Even when government pressure forced Sterling Foster to close in 1997, Bernstein still felt immune. "My impression, looking back, is that Randy Pace tried to keep me at arm's length from anything that was actually unlawful," he said, almost wistfully.
But closing one eye to Pace's unsavory past clearly affected Bernstein's depth perception. He invested in several fraudulent deals and lied about those deals to regulators. He had crossed the line.
One afternoon in September 1997, he learned that several of Pace's friends were striking deals with prosecutors and talking -- about him. Shocked and frightened, he hired a lawyer, Scott A. Edelman of Milbank, Tweed, Hadley & McCloy.
Looking back now, his days in the Pace empire seem to him to have occurred a lifetime ago -- one specific lifetime ago: that of his daughter, Raine. She was born on Dec. 17, 1997, shortly after her father came under investigation, and died on June 3, 2001, of what is believed to have been an asthma-related seizure.
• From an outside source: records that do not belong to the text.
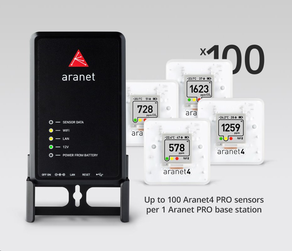 V závislosti na tom, kolik senzorů je potřeba propojit, je možné přikoupit licence na 50 a 100 senzorů - v základní konfiguraci umožňuje jednotka obsloužit 12 senzorů. Bezdrátové senzory lze nasadit v dosahu přímé viditelnosti až 3 km. Aranet PRO je dodáván s bezplatným softwarem či je ho možné zapojit do Aranet Cloud pro centrální správu. Snadno použitelné rozhraní umožňuje prohlížení, analýzu a porovnávání dat v reálném čase, nastavení prahových hodnot pro alarmy i export zpráv. Responzivní design rozhraní se přizpůsobí smartphonu, tabletu nebo notebooku.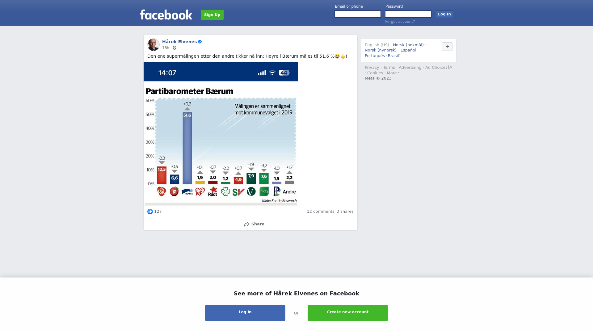 Den ene supermålingen etter den andre tikker nå inn; Høyre i Bærum måles til 51,6 %😄👍!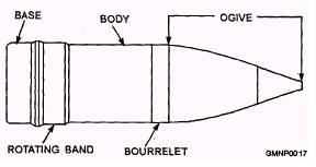 Figure 2-2.-external features of a typical gun projectile. one or two aft, the after one being located adjacent to and either forward and/or aft of the rotating band. Bourrelets are painted to prevent rusting. BODY.- The body is the main part of the projectile and contains the greatest mass of metal. It is made slightly smaller in diameter than the bourrelet and is given only a machine finish. ROTATING BAND.- The rotating band is circular and made of commercially pure copper, copper alloy, or plastic seated in a scored cut in the after portion of the projectile body. In all minor and medium caliber projectiles, rotating bands are made of commercially pure copper or gilding metal that is 90 percent copper and 10 percent zinc. Major caliber projectile bands are of cupro-nickel alloy containing 2.5 percent nickel or nylon with a Micarta insert. As a projectile with a metallic band passes through the bore of the gun, a certain amount of copper will be wiped back on the rotating band and will form a skirt of copper on the after end of the band as the projectile leaves the muzzle of the gun. This process is known as fringing and is prevented by cutting grooves, called cannelures, in the band or by undercutting the lip on the after end of the band. These cuts provide space for the copper to accumulate. The primary functions of a rotating band are: 1. To seal the forward end of the gun chamber against the escape of the propellant gas around the projectile, 2. To engage the rifling in the gun bore and impart rotation to the projectile, and 3. To act as a rear bourrelet on those projectiles that do not have a rear bourrelet. BASE.- The base is the after end of the projectile. A removable base plug is provided in projectiles that are loaded through this end. A fuze hole maybe drilled and tapped in the center of this base plug. Projectiles with large openings in the nose for loading through that end require no base plug. In such cases, however, the solid base of the projectile may be drilled in the center to receive abase fuze or tracer if desired The edge formed by the sidewalls and the base is usually broken slightly to give additional range. Some projectiles are tapered aft of the rotating band, a shape known as boat tailed. Projectiles with plastic bands may have full caliber boat tails for optimum aerodynamic shape. |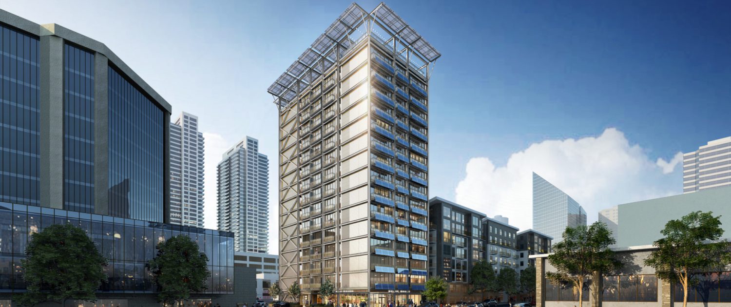Located in the Belltown neighborhood of Seattle, 303 Battery is a project making big news. Once completed, this apartment building will become the world’s first net-zero high-rise residential building certified by the International Living Future Institute. The building will stand 15 stories tall and have 112 total units, ranging in size from 350–900 square feet. Of the 112 units, five will meet Seattle’s Mandatory Housing Affordability requirements, and 22 will be income and/or rent-restricted. On the corner of Third Avenue, the ground-level floor will house 1,900 square feet of retail and commercial space. The project commenced in early 2021 and will be completed and ready for occupancy in April 2022.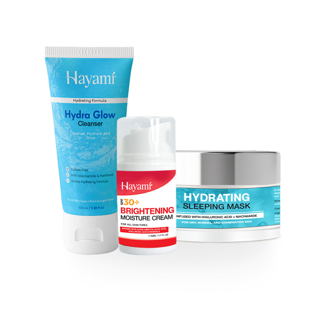 In the morning, cleanse your face using the Hydra Glow Cleanser.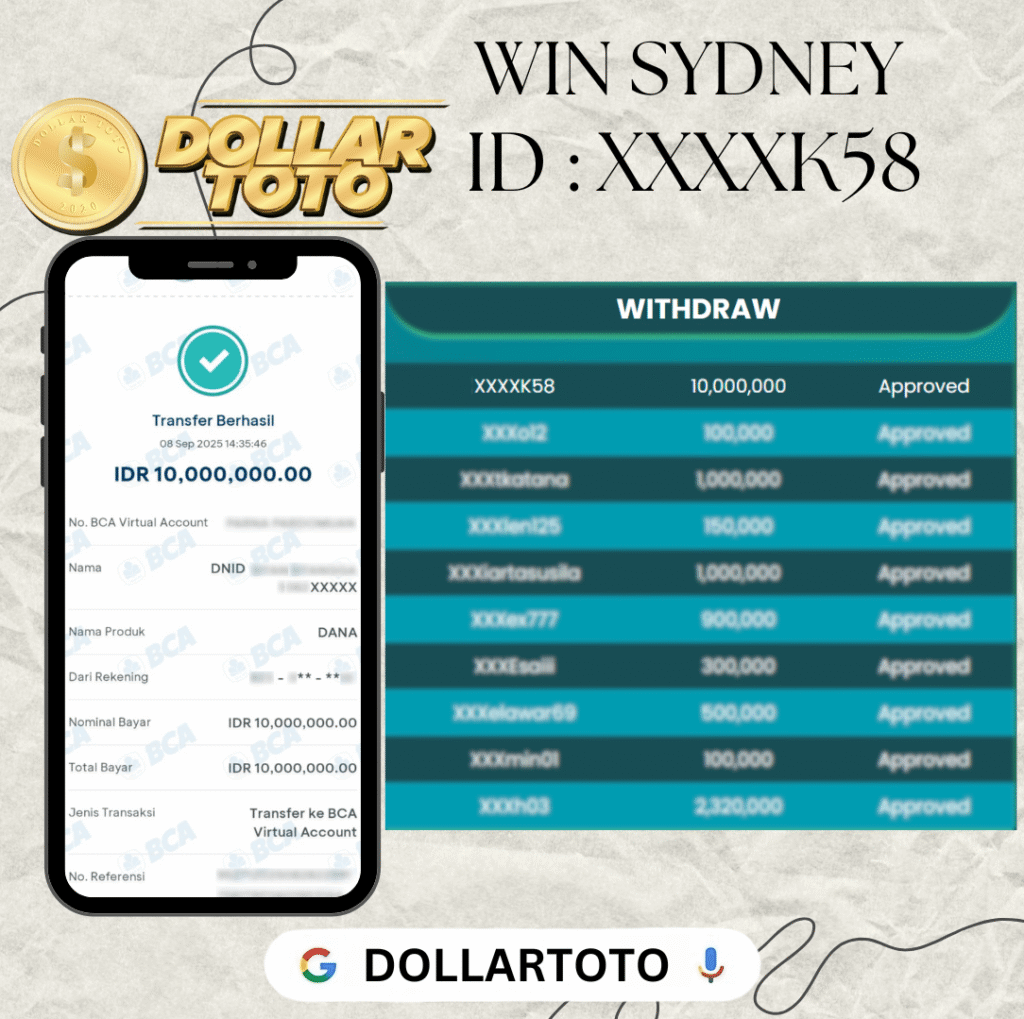 UNTUK MEMBER DOLLARTOTO DENGAN USER ID: XXXXK58,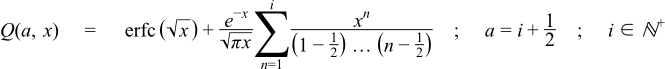 There are two special cases used when a is an integer or half integer, and the crossover conditions listed above indicate that we should compute the upper integral Q. If a is an integer in the range 1 <= a < 30 then the following finite sum is used:

"When all this happened with Hartley, we thought it was the end of the world," mused his wife, herself a lawyer, the family breadwinner and a loyal defender of her husband's essential decency.
"But I remember thinking that day: I thought I had problems -- I didn't know what a real problem was."
They are both active in bereavement support groups and still hope for a family. Bernstein, meanwhile, says he is exploring ways to turn StockPatrol into a profitable, but still lawful, venture -- perhaps by expanding it into a radio program or a book.
His admirers among the enemies of penny-stock fraud say they are confident that Bernstein's redemption is genuine and that he will resist future temptations. But even they cannot explain why he can see so clearly now what he could not see for so long: the dots that add up to fraud.